Task ▸ Every line below needs to be transcribed without alteration, and no image may be carried over.

.....

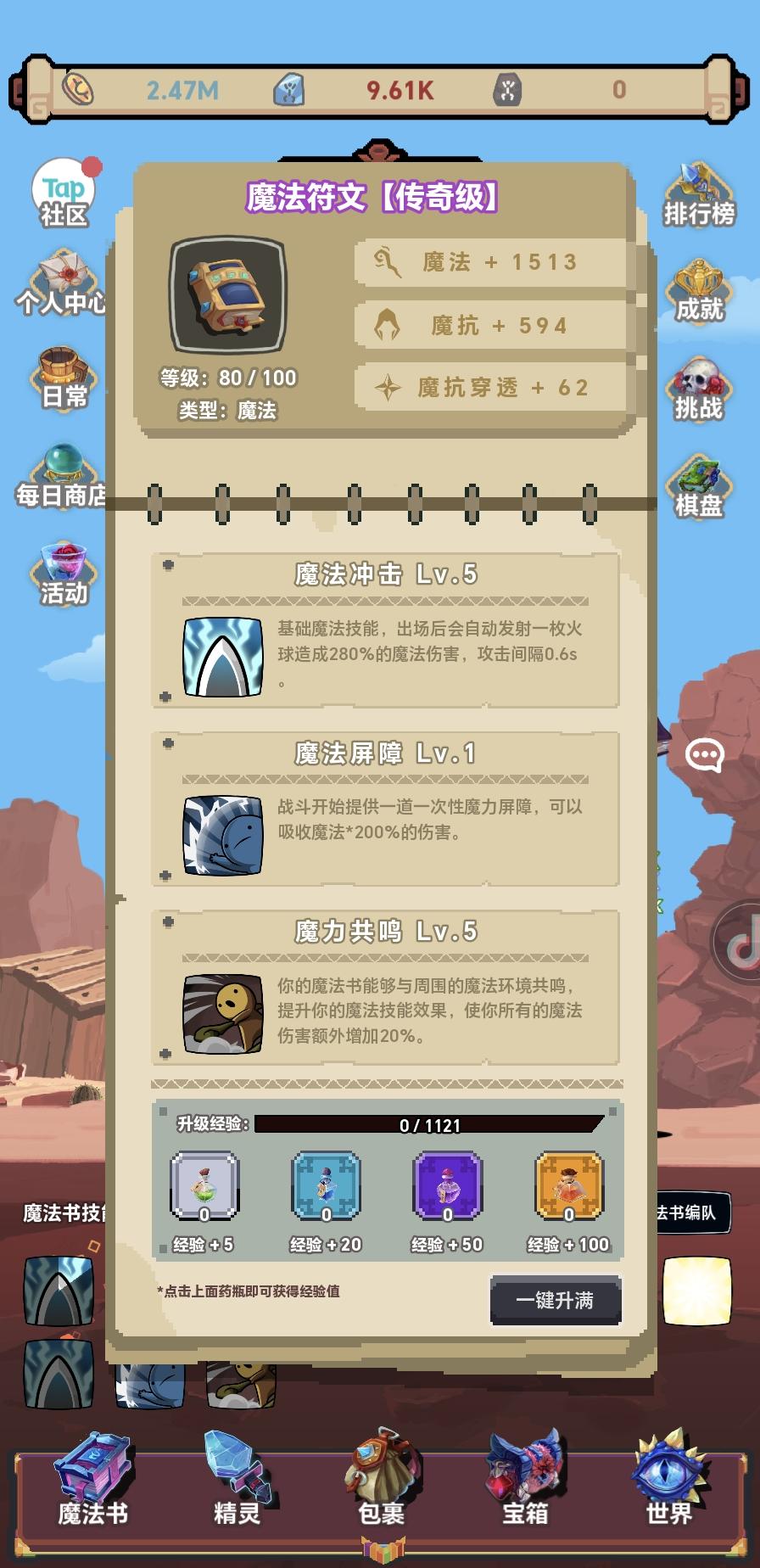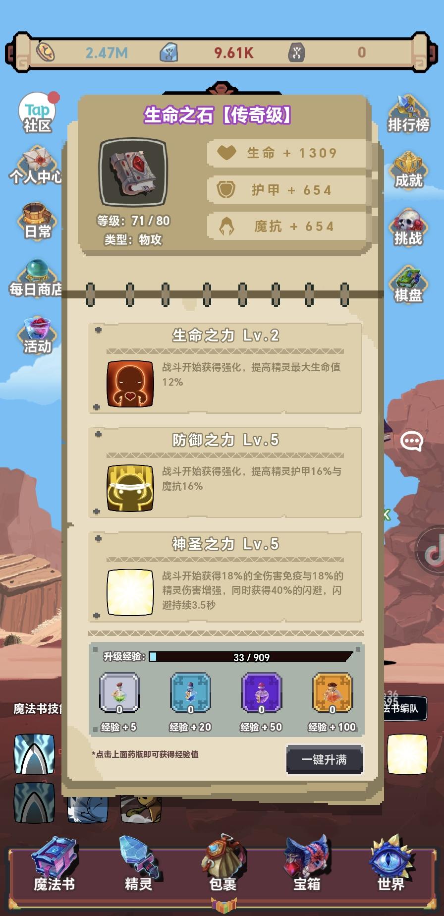 作为一个要那么久踩坑那么久的萌新,我要告诉大家我踩过的坑。 圣物看清楚上限有几个,随着等级提高会增加,千万不要选多,选多了不出来还会把格子吃了导致少一个圣物,还会打乱圣物的节奏甚至重选(我的4W多砖石QAQ) 魔法书的属性不用上场,升级就有了,优先升级旅行日记,但是不用上场,等级跟魔法书技能没有关系 打600级BOSS才开始需要选抗暴 万能石够当前用就好,不比多买。 攻速收益很低,不用特
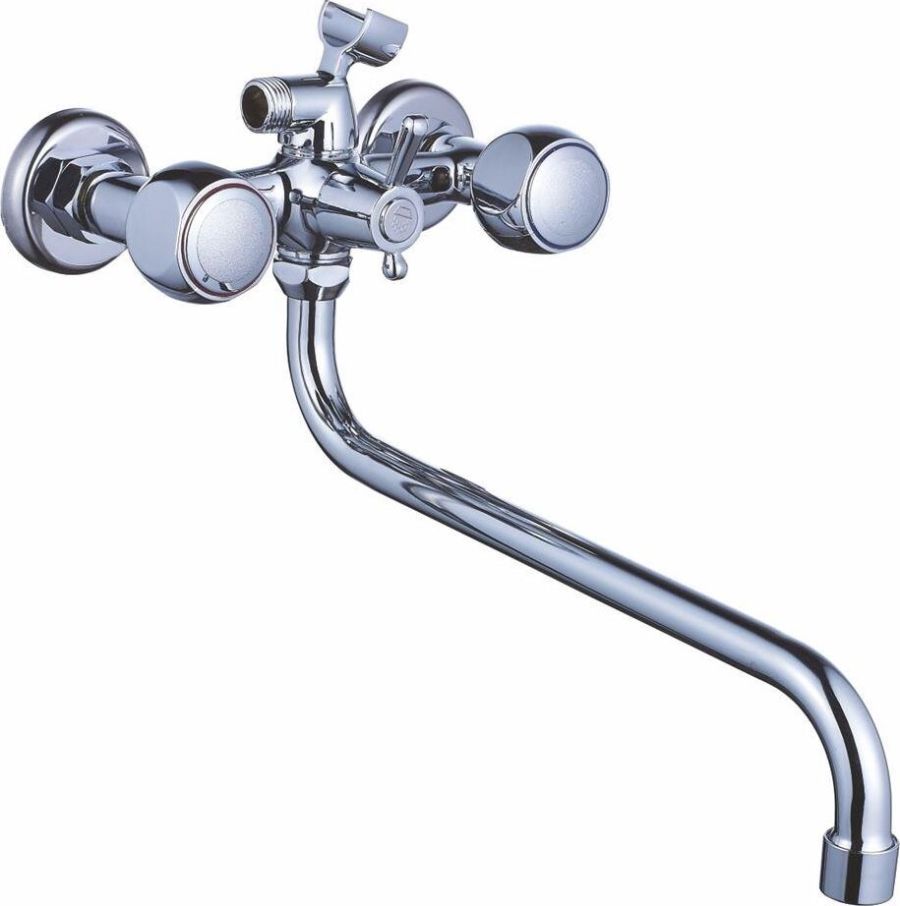 Смеситель универсальный с круглым изливом и переключателем для душа - Покрытие корпууса: хром - Кран-букса латунная с керамическими пластинами (угол поворота 90 градусов) - Шланг длина 1,5 м - С поворотнымизливом 300 мм - В комплекте с лейкой
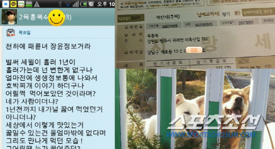 가수 장윤정의 모친 육흥복 씨가 올린 것으로 추정되는 욕설 편지가 공개돼 충격을 주고 있는 가운데, 해당 글에 재산세 사진과 개 사진을 함께 올려 네티즌들의 궁금증을 자아내고 있다.
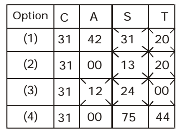 As shown in given figure , all the values for word CAST are matched in only option ( 4 ) for every letter . So , the set for the word CAST will be 31, 00, 75, 44 .From matrix , option ( 4 ) is correct .
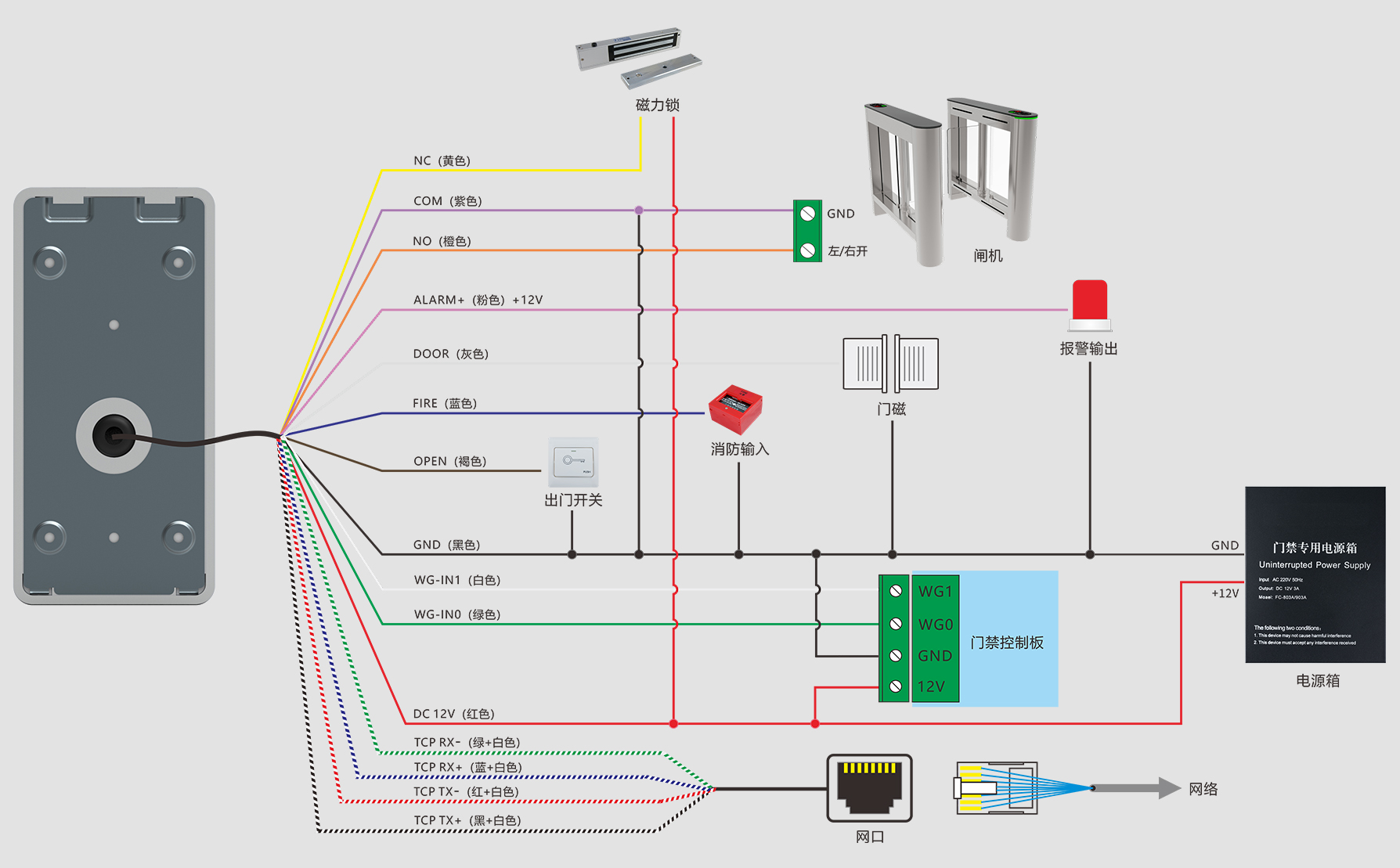 出門開關(guān)×1、門磁接口×1、報警輸出×1、Wiegand輸出×1、門鎖控制×1
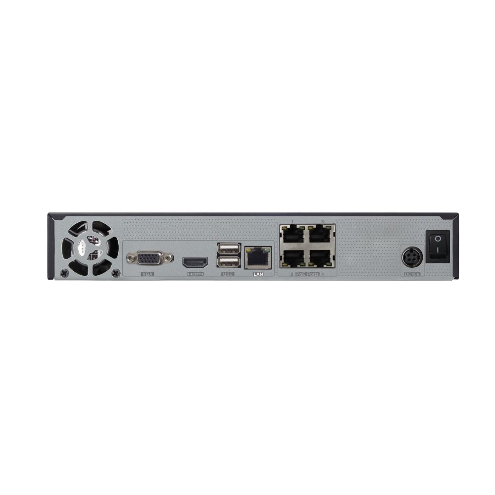 4-канальний мережевий відеореєстратор з PoE комутатором; H.265+ / H.265 / H.264+ / H.264; Вхідний потік 40 Мб/с, запис: 4 канали – 5Мп; Відео виходи: HDMI, VGA; Відеоаналітика: розумний пошук, перетин лінії. RJ-45 (10/100M); PoE комутатор на 4 порти (802.3 at/af), 2 х USB, 1х HDD до 6ТБ, DC 48В, 1.25 A / 5Вт, 255х220х45 мм
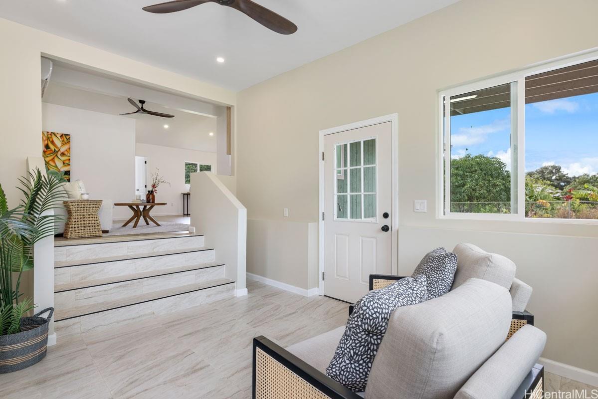 This spacious 1 acre property boasts custom landscaping, a mature mango tree, new grass in front and back yard, irrigation, a large separate garage and lots of farmable land, while being fully fenced with a custom electric gate. Step inside to discover an open living space with abundant natural light that fills every room to showcase the contemporary finishes while blending island-inspired elegance and modern comforts. Attention to detail and pride in this newly built home is refreshing. Listing by: Corcoran Pacific Properties (808) 222-0323

.....

Task output ▸
 作为一个要那么久踩坑那么久的萌新,我要告诉大家我踩过的坑。 圣物看清楚上限有几个,随着等级提高会增加,千万不要选多,选多了不出来还会把格子吃了导致少一个圣物,还会打乱圣物的节奏甚至重选(我的4W多砖石QAQ) 魔法书的属性不用上场,升级就有了,优先升级旅行日记,但是不用上场,等级跟魔法书技能没有关系 打600级BOSS才开始需要选抗暴 万能石够当前用就好,不比多买。 攻速收益很低,不用特
 Смеситель универсальный с круглым изливом и переключателем для душа - Покрытие корпууса: хром - Кран-букса латунная с керамическими пластинами (угол поворота 90 градусов) - Шланг длина 1,5 м - С поворотнымизливом 300 мм - В комплекте с лейкой
 가수 장윤정의 모친 육흥복 씨가 올린 것으로 추정되는 욕설 편지가 공개돼 충격을 주고 있는 가운데, 해당 글에 재산세 사진과 개 사진을 함께 올려 네티즌들의 궁금증을 자아내고 있다.
 As shown in given figure , all the values for word CAST are matched in only option ( 4 ) for every letter . So , the set for the word CAST will be 31, 00, 75, 44 .From matrix , option ( 4 ) is correct .
 出門開關(guān)×1、門磁接口×1、報警輸出×1、Wiegand輸出×1、門鎖控制×1
 4-канальний мережевий відеореєстратор з PoE комутатором; H.265+ / H.265 / H.264+ / H.264; Вхідний потік 40 Мб/с, запис: 4 канали – 5Мп; Відео виходи: HDMI, VGA; Відеоаналітика: розумний пошук, перетин лінії. RJ-45 (10/100M); PoE комутатор на 4 порти (802.3 at/af), 2 х USB, 1х HDD до 6ТБ, DC 48В, 1.25 A / 5Вт, 255х220х45 мм
 This spacious 1 acre property boasts custom landscaping, a mature mango tree, new grass in front and back yard, irrigation, a large separate garage and lots of farmable land, while being fully fenced with a custom electric gate. Step inside to discover an open living space with abundant natural light that fills every room to showcase the contemporary finishes while blending island-inspired elegance and modern comforts. Attention to detail and pride in this newly built home is refreshing. Listing by: Corcoran Pacific Properties (808) 222-0323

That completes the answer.